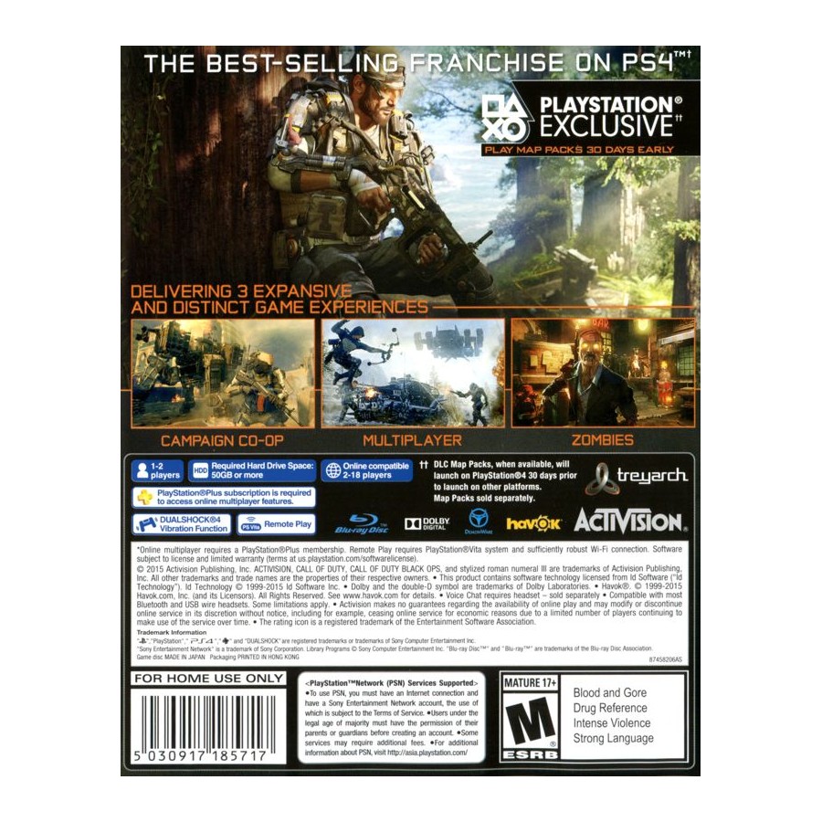 Zombies, Μια νέα ιστορία τρόμου: Κανένας τίτλος της Treyarch δεν θα ήταν πλήρης χωρίς ζόμπι. Το Black Ops 3 Ζombies είναι η πιο συναρπαστική και φιλόδοξη περιπέτεια μέχρι σήμερα, με ένα πλήρες σύστημα εξέλιξης XP, που προσθέτοντας βάθος στην μοναδική και τρομαχτική αυτή περιπέτεια.
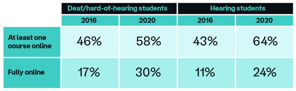 Table 2: Online learning among Deaf/hard-of-hearing and hearing undergraduate students in the U.S. (National Center for Education Statistics)
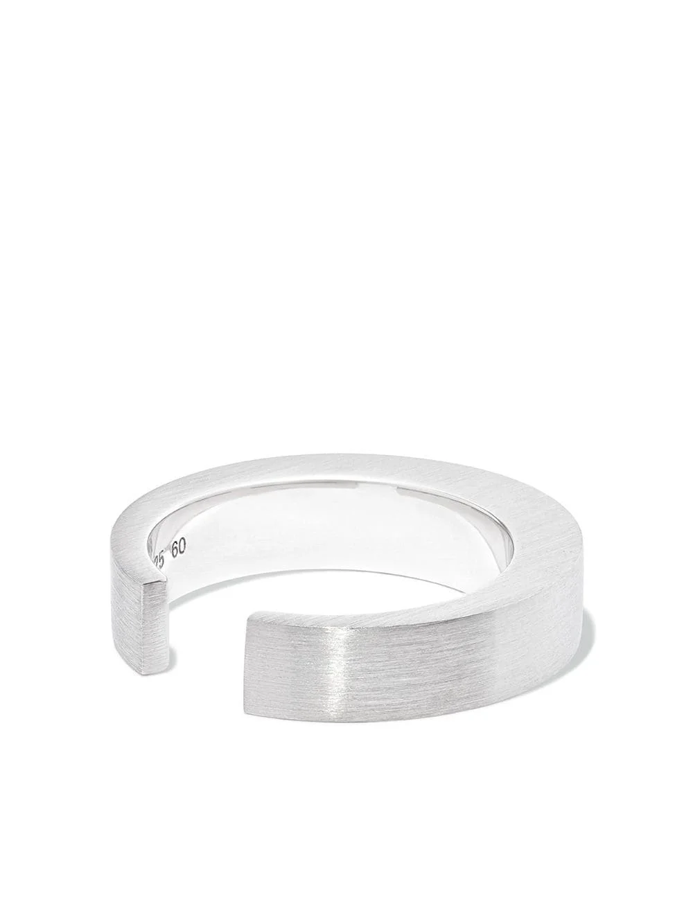 open-front sterling silver ring Tom Wood's ring offers a modern take on classic bands. This understated iteration has an open-front design and is crafted from recycled sterling silver plated with rhodium to help prevent tarnishing. Highlights - Recycled silver - Rhodium plating - Open front - Brushed effect Imported
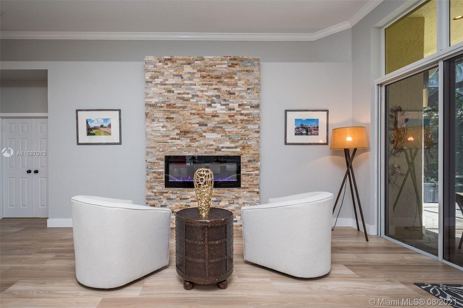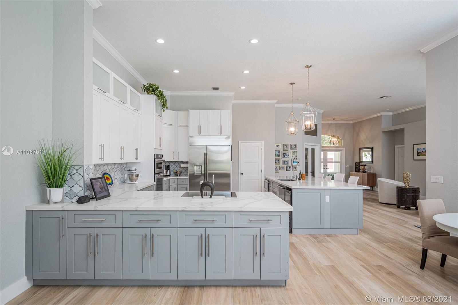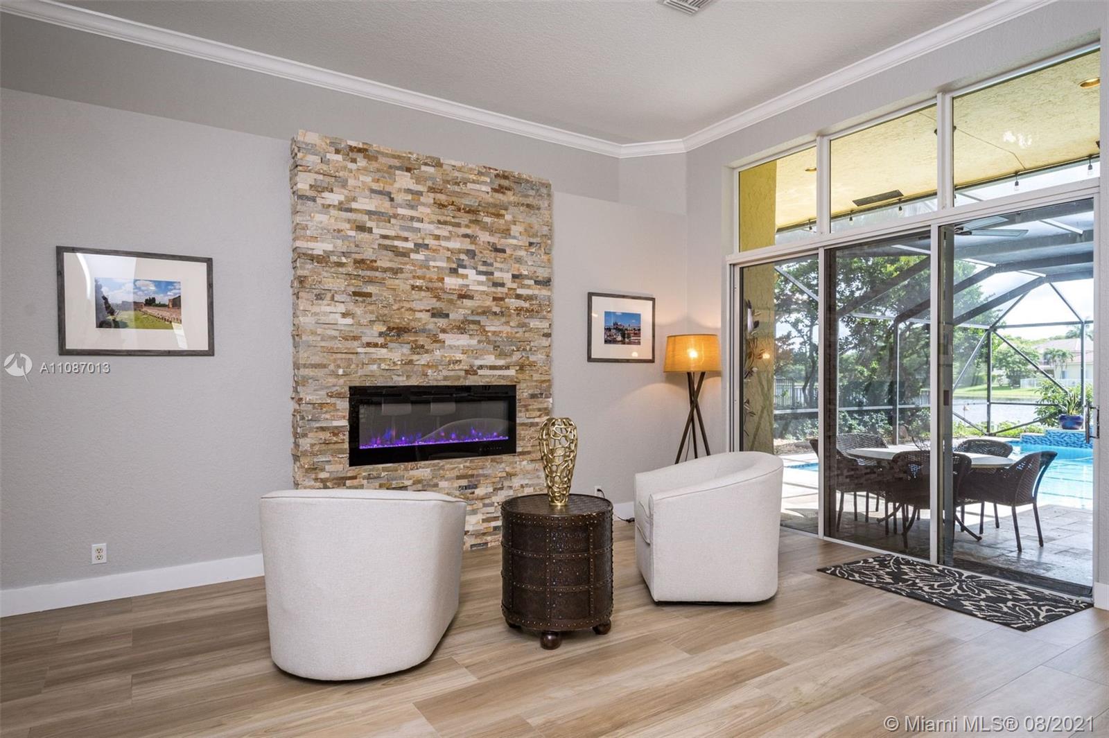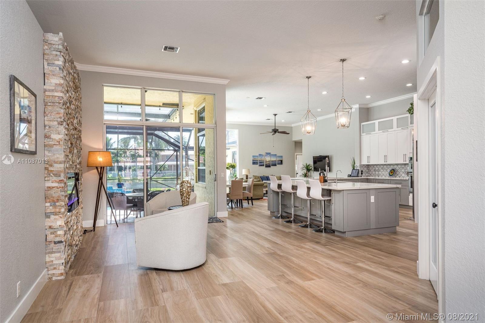 Take in the expansive water views as you enter this completely renovated 5 bed/ 3 bath/ office home in The Ridges. Situated on an 11,640sf private cul de sac lot, this home has it all. Open triple-split floor plan w/ 12' ceilings, providing great entertaining space. Renovated in 2019 with all top finishes, these homeowners spared no expense. Modern kitchen with quartz countertops, stainless steel appliances and large walk-in pantry. Custom light fixtures and LED lighting. New AC. Spacious backyard with renovated screened in heated pool and travertine deck. 3-car garage. A+ schools.
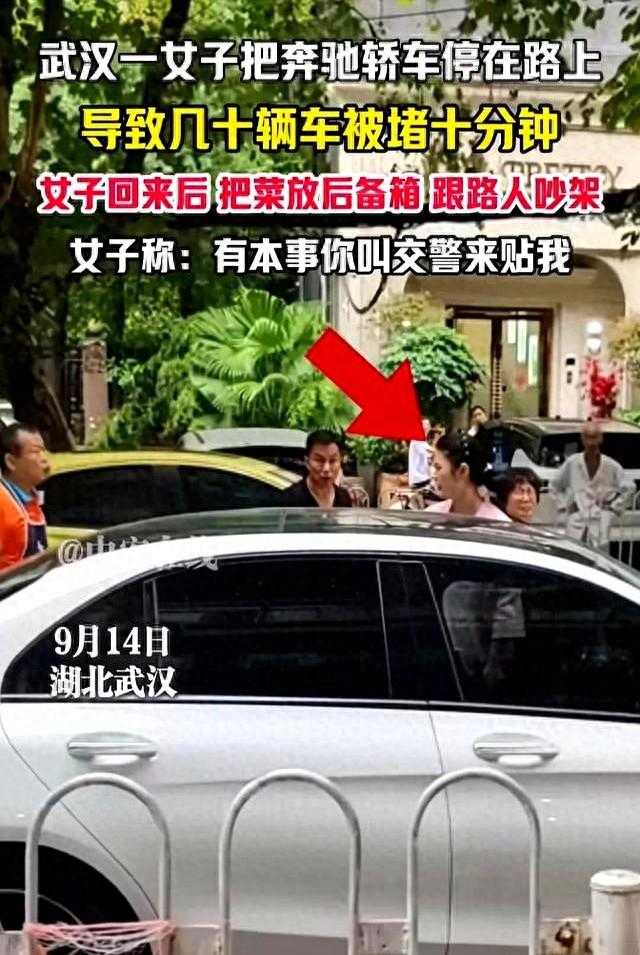 武汉奔驰姐高峰期横停买菜吵得汉正街抬头围观
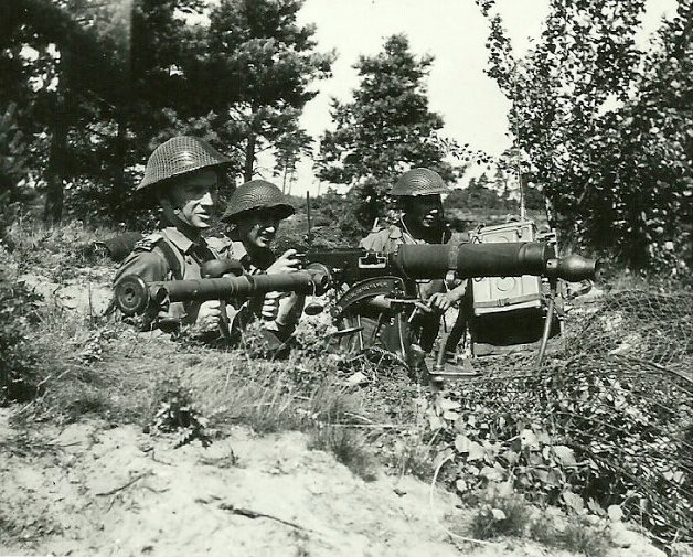 Vickers Machine Gun position during the 27CIB Live Firing Exercises at Putlos on the Baltic Sea, August 1952. 2nd Lieutenant Ken Ridge, QOR, Support Company on left holding what may be a range finder?, others unknown.
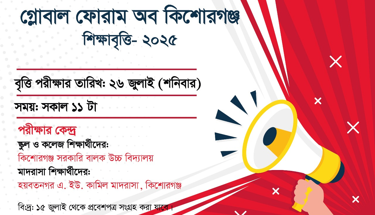 ২৬ জুলাই অনুষ্ঠিত হবে গ্লোবাল ফোরাম অব কিশোরগঞ্জের বৃত্তি পরীক্ষা
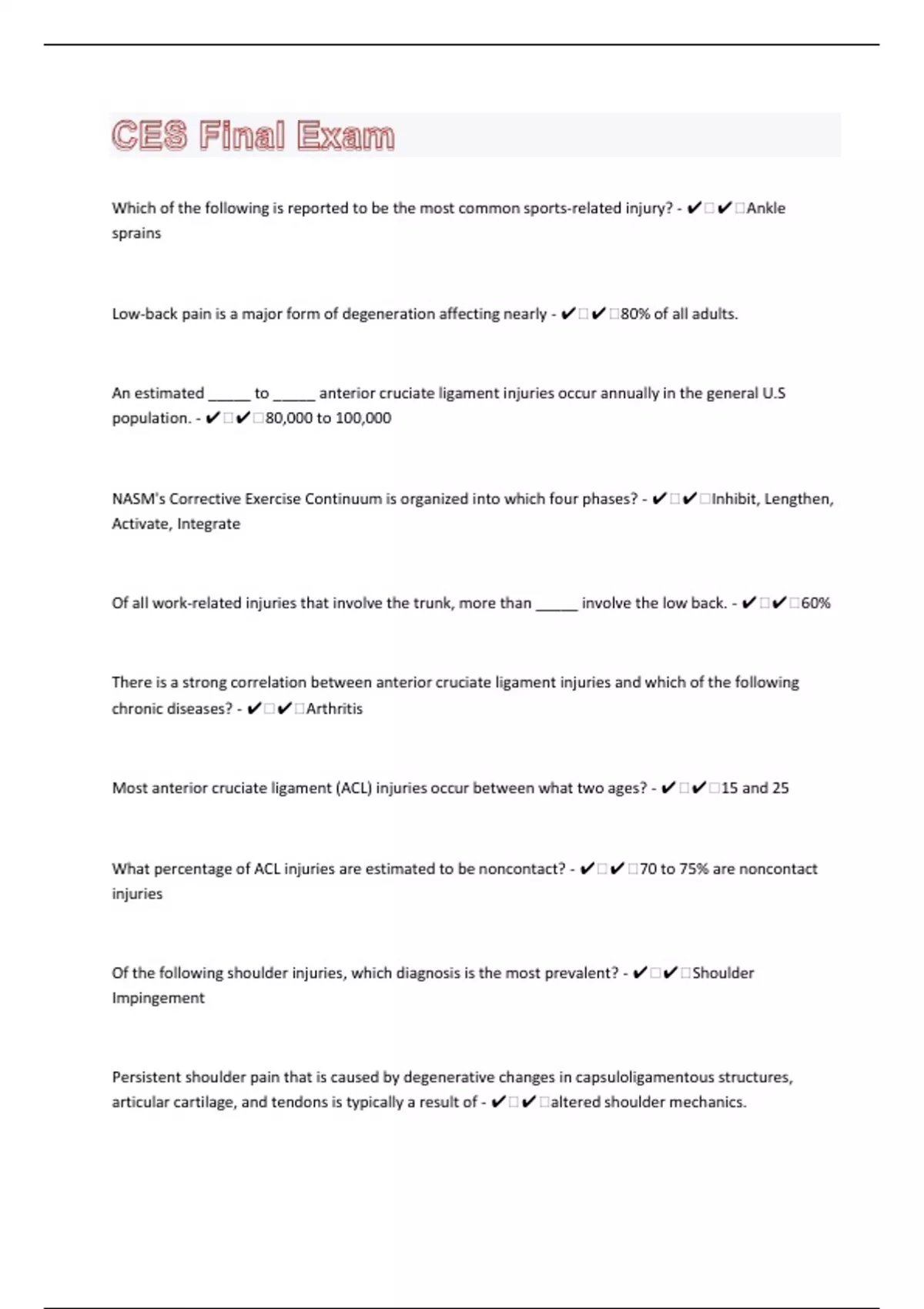 Which of the following is reported to be the most common sports-related injury? - ️️Ankle sprains Low-back pain is a major form of degeneration affecting nearly - ️️80% of all adults. An estimated _____ to _____ anterior cruciate ligament injuries occur annually in the general U.S population. - ️️80,000 to 100,000 NASM's Corrective Exercise Continuum is organized into which four phases? - ️️Inhibit, Lengthen, Activate, Integrate Of all work-related injuries that involve the trunk, more than _____ involve the low back. - ️️60% There is a strong correlation between anterior cruciate ligament injuries and which of the following chronic diseases? - ️️Arthritis Most anterior cruciate ligament (ACL) injuries occur between what two ages? - ️️15 and 25 What percentage of ACL injuries are estimated to be noncontact? - ️️70 to 75% are noncontact injuries Of the following shoulder injuries, which diagnosis is the most prevalent? - ️️Shoulder Impingement Persistent shoulder pain that is caused by degenerative changes in capsuloligamentous structures, articular cartilage, and tendons is typically a result of - ️️altered shoulder mechanics.

::::::::

What the task requires:
For the records above, output each one exactly and skip any image.

Output for this task:
 Zombies, Μια νέα ιστορία τρόμου: Κανένας τίτλος της Treyarch δεν θα ήταν πλήρης χωρίς ζόμπι. Το Black Ops 3 Ζombies είναι η πιο συναρπαστική και φιλόδοξη περιπέτεια μέχρι σήμερα, με ένα πλήρες σύστημα εξέλιξης XP, που προσθέτοντας βάθος στην μοναδική και τρομαχτική αυτή περιπέτεια.
 Table 2: Online learning among Deaf/hard-of-hearing and hearing undergraduate students in the U.S. (National Center for Education Statistics)
 open-front sterling silver ring Tom Wood's ring offers a modern take on classic bands. This understated iteration has an open-front design and is crafted from recycled sterling silver plated with rhodium to help prevent tarnishing. Highlights - Recycled silver - Rhodium plating - Open front - Brushed effect Imported
 Take in the expansive water views as you enter this completely renovated 5 bed/ 3 bath/ office home in The Ridges. Situated on an 11,640sf private cul de sac lot, this home has it all. Open triple-split floor plan w/ 12' ceilings, providing great entertaining space. Renovated in 2019 with all top finishes, these homeowners spared no expense. Modern kitchen with quartz countertops, stainless steel appliances and large walk-in pantry. Custom light fixtures and LED lighting. New AC. Spacious backyard with renovated screened in heated pool and travertine deck. 3-car garage. A+ schools.
 武汉奔驰姐高峰期横停买菜吵得汉正街抬头围观
 Vickers Machine Gun position during the 27CIB Live Firing Exercises at Putlos on the Baltic Sea, August 1952. 2nd Lieutenant Ken Ridge, QOR, Support Company on left holding what may be a range finder?, others unknown.
 ২৬ জুলাই অনুষ্ঠিত হবে গ্লোবাল ফোরাম অব কিশোরগঞ্জের বৃত্তি পরীক্ষা
 Which of the following is reported to be the most common sports-related injury? - ️️Ankle sprains Low-back pain is a major form of degeneration affecting nearly - ️️80% of all adults. An estimated _____ to _____ anterior cruciate ligament injuries occur annually in the general U.S population. - ️️80,000 to 100,000 NASM's Corrective Exercise Continuum is organized into which four phases? - ️️Inhibit, Lengthen, Activate, Integrate Of all work-related injuries that involve the trunk, more than _____ involve the low back. - ️️60% There is a strong correlation between anterior cruciate ligament injuries and which of the following chronic diseases? - ️️Arthritis Most anterior cruciate ligament (ACL) injuries occur between what two ages? - ️️15 and 25 What percentage of ACL injuries are estimated to be noncontact? - ️️70 to 75% are noncontact injuries Of the following shoulder injuries, which diagnosis is the most prevalent? - ️️Shoulder Impingement Persistent shoulder pain that is caused by degenerative changes in capsuloligamentous structures, articular cartilage, and tendons is typically a result of - ️️altered shoulder mechanics.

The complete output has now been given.